Sayın savcı,
Kim olduğunuzu bilmiyorum; ancak bu mektubun konusuyla ilgili bir (belki iki) savcının görevli olduğunu biliyorum. O yüzden de mektup “Görevli savcıya” diye başladı.
Sayın savcı,
Siz bu satırları okurken ben Özgür Gündem gazetesinin her sabahki yazıişleri toplantısında “nöbetçi yayın yönetmeni” olarak masanın bir yerinde oturuyor olacağım. Benimki bir günlük nöbet. Daha önce de başka meslektaşlarım nöbetteydi. Yarın ve sonraki günler de başka meslektaşlarım nöbete duracak.

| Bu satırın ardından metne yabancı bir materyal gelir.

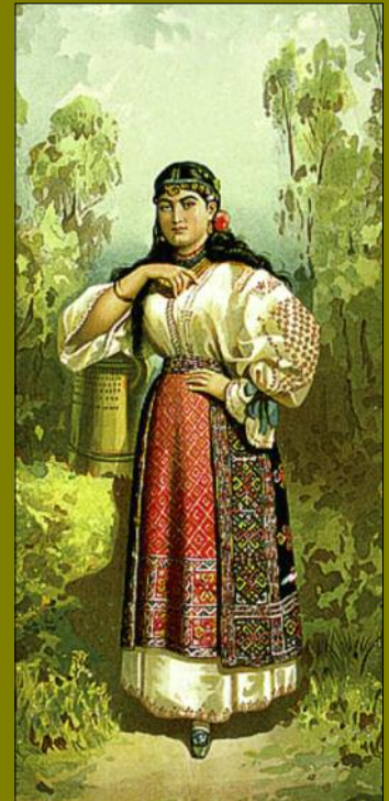
Țărancă din Argeș (Carol Pop de Szathmari)
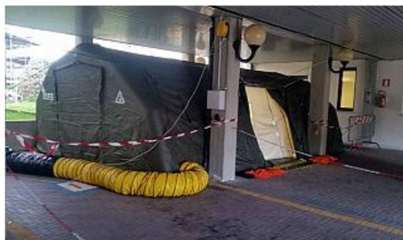
La tenda al Serristori che doveva ospitare gli operatori

Gli operatori del servizio pre-triage per il momento non saranno in servizio al Serristori. “Perché siamo considerati cittadini di serie B?”
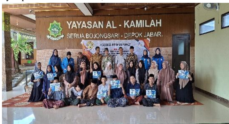
Gambar 4 Foto Bersama

rencananya akan dibentuk wadah atau kolektif warga Yayasan Al-Kamilah, Bojongsari, Depok, Jawa Barat. Misi yang terakhir adalah untuk berdebat dan bertukar pikiran mengenai semua isu yang berkaitan dengan akuntansi dan perpajakan. Selain itu, kelompok atau forum ini akan diorganisir oleh tim PKM dengan tujuan untuk digunakan sebagai alat pemantauan dan perencanaan jangka panjang atau berkelanjutan. Selain itu, kegiatan PKM yang akan dilaksanakan kedepannya juga mempunyai tujuan yang lebih luas. seperti bagaimana bisnis dikelola terkait penagihan, penagihan, dll (Tejaningrum, 2015).
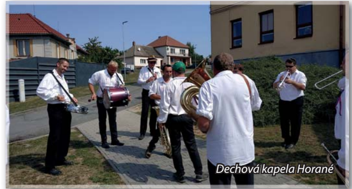
Dechová kapela Horané
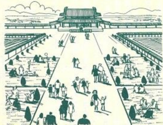
市民だんらん場の場となる朱雀大路

うのみでなく、奈良市にとっては重大な意味を持つています。私は朱雀大路復元事業を中心に、国際文化観光都市として伝統と調和のとれたまちづくりを進めたい所存です。この朱雀大路の復元は、古城宮跡の復元に合わせ、古代シンボルゾーンとして整備す
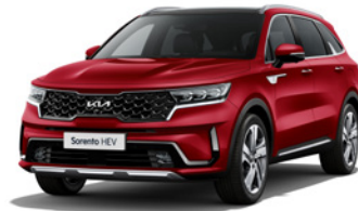
Runway Red (CR5)
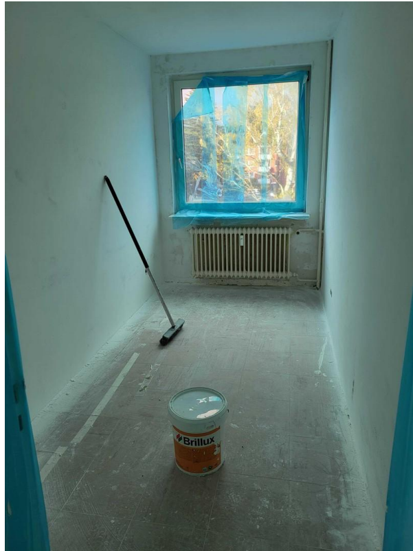
Zimmer 2/ halbes Zimmer
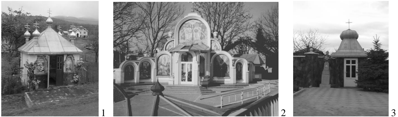
Рис. 4. «Каплички» у структурі садиби: 1. Івано-Франківська обл., 2. Тернопільська обл., 3. Чернівецька обл.

Останнім часом на садибній ділянці появляються нові форми – відновлюють колишні або зводять нові пам'ятні знаки релігійного характеру: хрести, скульптури («фігури») Матері Божої, ікони, невеликі приватні церкви, каплички для молитви, а в деяких випадках і каплички присвячені пам'яті померлих (рис. 4-7.1).

Bu tutumumuz sizce anlaşılır mı; anlaşılırsa nasıl anlaşılır bilemiyorum. Ancak benden önce nöbete duran meslektaşlarımın tümünü (evet tümünü) ifadeye çağırdınız. Dava açacak mısınız henüz bilmiyorum. Ama anladığım kadarıyla bugünkü “nöbetçi yayın yönetmeni” olarak beni de ifadeye çağıracaksınız.

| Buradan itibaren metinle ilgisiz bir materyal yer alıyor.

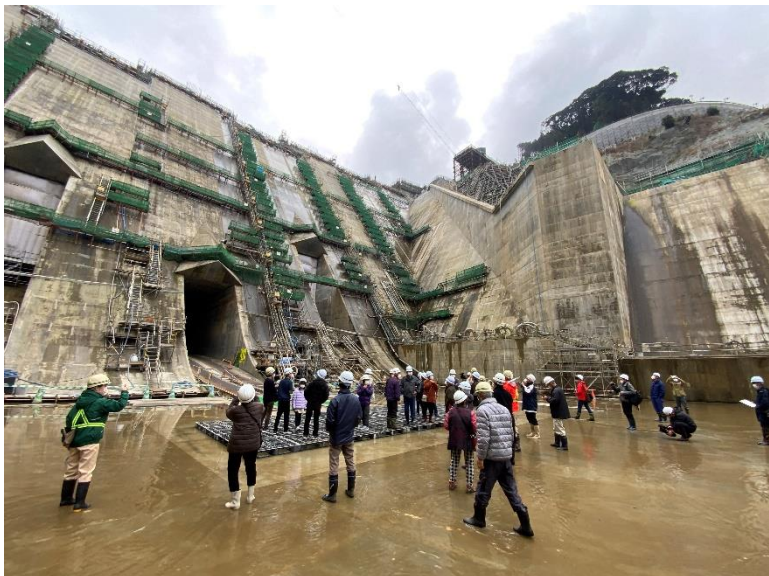
R5.1 一般募集 放流口ウォークイベント【90名】
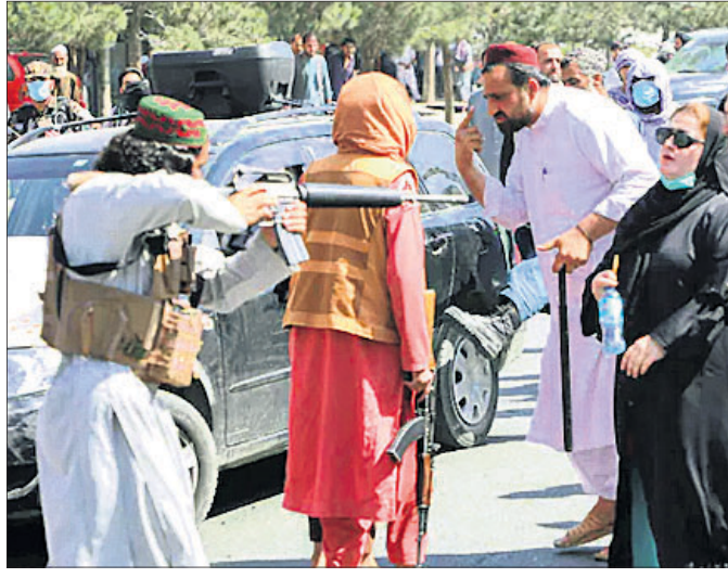
କାବୁଲରେ ବନ୍ଧୁକ ଦେଖାଇଥିବା ତାଲିବାନମାନଙ୍କ ଆଗରେ ନିର୍ଦ୍ଦୟରେ ଛିଡ଼ା ହୋଇଛନ୍ତି ଜଣେ ମହିଳା।

ସରକାର ଗଢ଼ିଲେ ମହିଳାଙ୍କ ସମେତ ସବୁ ବର୍ଗର ଲୋକଙ୍କୁ ସାମିଲ କରିବୁ। ଇସ୍ଲାମୀୟ ଆଇନ ଅନୁଯାୟୀ ମହିଳାମାନେ ଅଧିକାର ଓ ସ୍ୱାଧୀନତା ଉପଭୋଗ କରିବେ ବୋଲି କଥା ଦେଇଥିଲା ତାଲିବାନ୍।
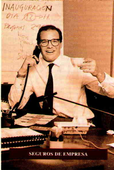
SEGUROS DE EMPRESA
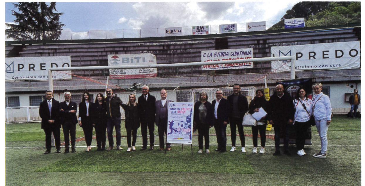
L'Amministrazione comunale con i collaboratori del progetto

culturale per la prevenzione di tutte le forme di tossicodipendenze e di ogni forma di marginalità e disagio sociale. Il contrasto alla droga deve proseguire senza sosta in maniera efficace e costante".
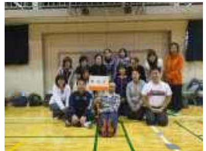
【11/28 好天に恵まれた駅伝大会：男女とも襷をつなぎ、個人走も完走しました。】
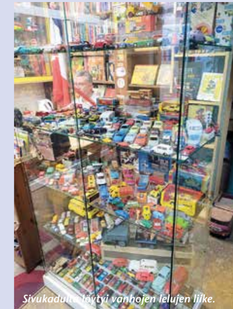
Sivukadulta löytyi vanhojen lelujen liike.
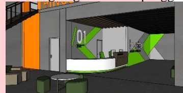
Gambar 2 Konsep Visual

Secara visual, Perancangan ini membawa warna, material dan tekstur layaknya sebuah pabrik atau tempat produksi dengan pengayaan industrial. Konsep visual tersebut digunakan lantaran aktivitas pengguna makerspace ini utamanya yaitu pada kegiatan produksi dan pembuatan sesuatu. Dengan membawa konsep tersebut diharapkan dapat menyesuaikan dengan aktivitas pengguna. Selain itu, untuk menyeimbangi kesan kaku yang dibuat oleh warna dan material yang kasar maka akan disisipkan warna-warna terang sebagai aksen dan diharapkan juga dapat merangsang kreatifitas pengguna.
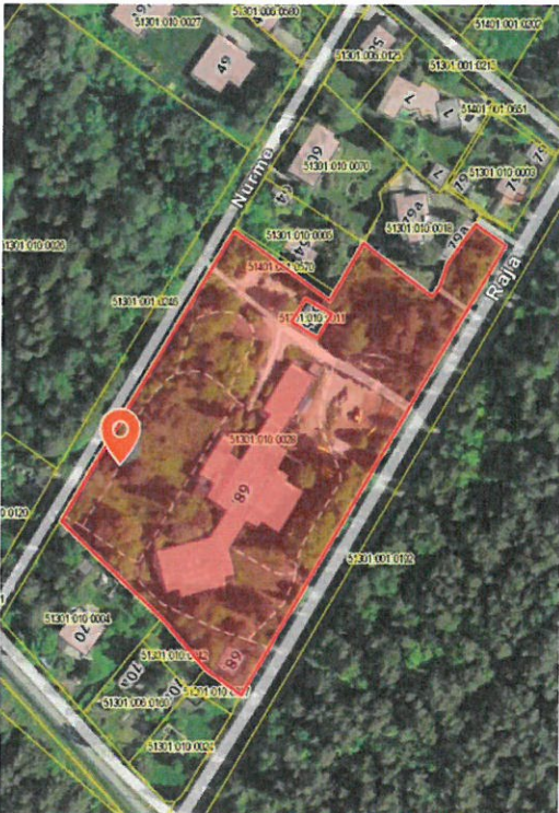
Joonis 1. Nurme tn 68 detailplaneeringu ala.

1.4 Keskkonnamõju strateegiline hindamine jäetakse algatamata.

Beni çağırdığınızda mantıklı sorular sormanız ya da bazı anlamsız sorulardan vazgeçerek zaman kazanmanız amacıyla sizi birkaç noktada aydınlatmak isterim.
Sayın savcı,
Bizim meslekte bazılarımızın ilkeleri, duraksamadan yerine getirdikleri meslek alışkanlıkları vardır. Bunlardan biri, hatta birincisi dayanışma sözcüğü ile özetlenebilir. Bu dayanışma bizler için sahiden de önemlidir. Mesleğimiz belalı bir meslek. Kimilerimiz öldürüldü Kimilerimiz hapislerde yattı. Ben şanslı sayılırım; öldürülmeyen ama yedi sekiz defa hapishanelerde volta atmak zorunda kalanlardan biriyim. Belki bilmiyorsunuz, hepsi de mesleki çalışmalarımdan, yazdığım yazılar, verdiğim haberlerden dolayıdır.

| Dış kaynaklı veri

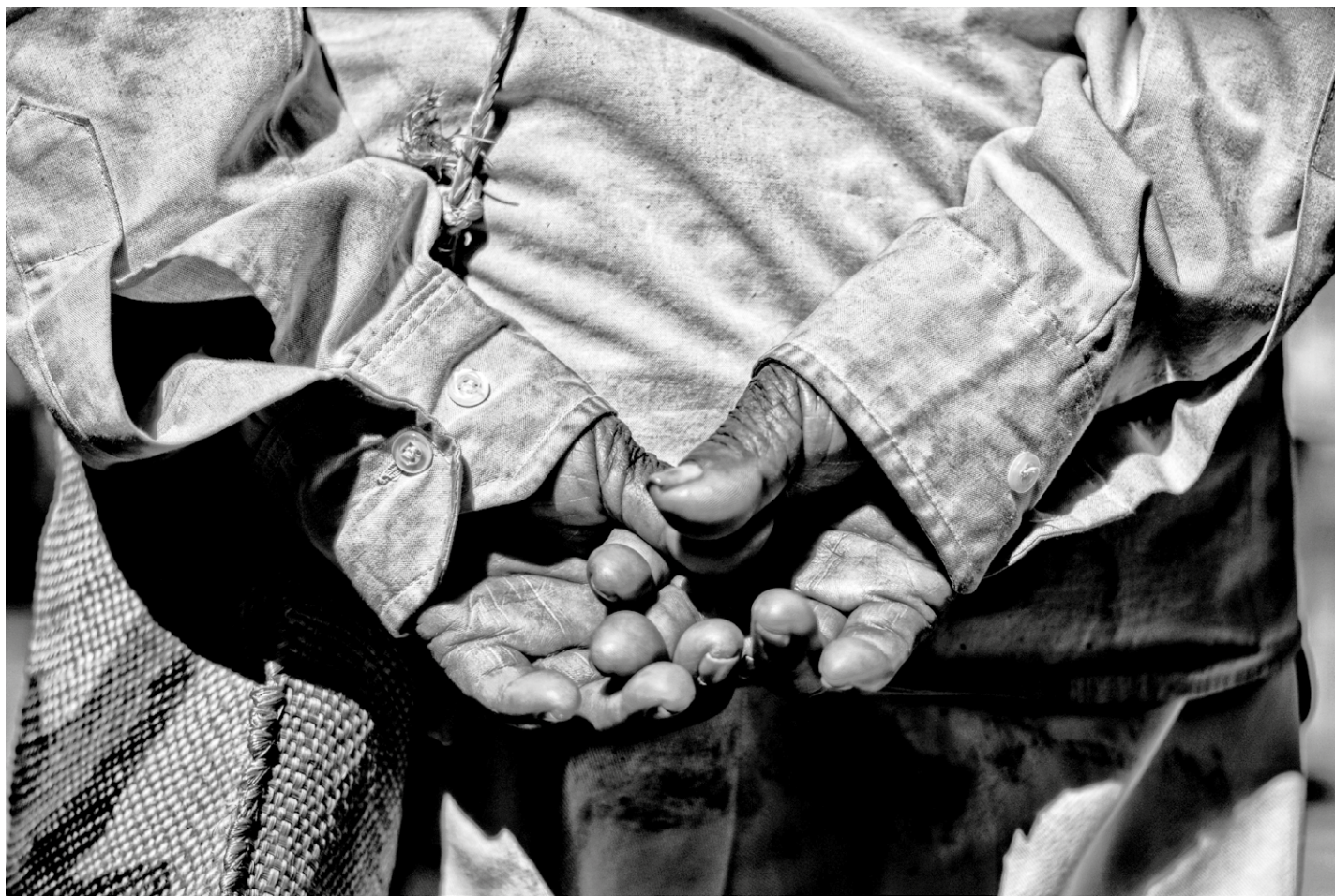
De la serie “Aquí descubrí dónde despierta el sol”, Atzacaloya, Guerrero, febrero de 2024.

Y en lo real se van desplegando también la fábrica, el restorán, los apartamentos y colonias de la ciudad, los vagones y estaciones del metro, el mundo del cabaret, de los grupos de sicarios, de la entrada al “hampa” de algún personaje y los vericuetos que eso va tejiendo en la
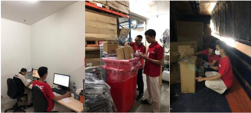
Gambar 1. Menginput laporan data barang, memonitoring barang masuk dan keluar
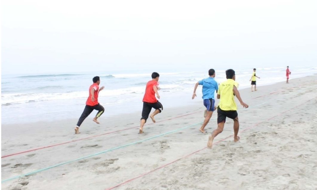
SAAT BERLARI UNTUK PENGAMBILAN DATA PANJANG LANGKAH
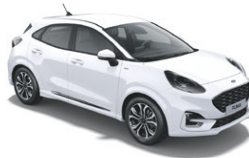
FROZEN WHITE - LAKIER ZWYKŁY

2 400,- | 1 300,- dla wersji ST-LINE Vignale
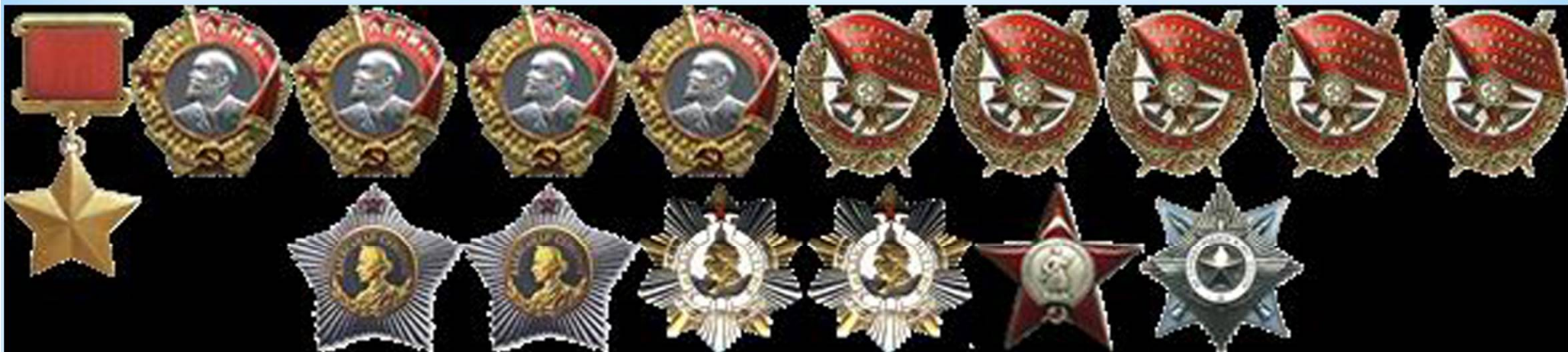
Награды генерала Федюнинского.

На завершающем этапе войны И. И. Федюнинский со своей армией держал, как говорится, «на замке», методично и неуклонно уничтожая запертую в котле на курляндском полуострове Латвии немецкую группировку из остатков группы армий «Север».
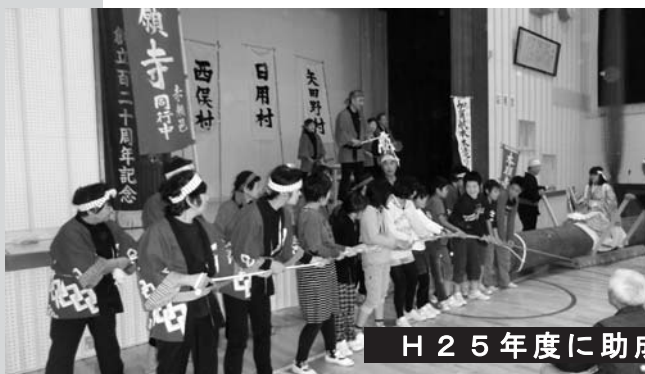
「加賀献木木遣り」の復活と保存・継承事業（小松市）

Özgür Gündem ağırlıklı olarak Kürt siyasal hareketi ve ülkemizin Kürt illerinde olup bitenlerden haber veren ve yasal olarak yayımlanan bir günlük gazete. Beğendiğim yanları var, beğenmediğim yanları da var. Ama meslek dayanışması söz konusu ise beğenme ya da beğenmemenin hiç ama hiçbir anlamı ve önemi yok.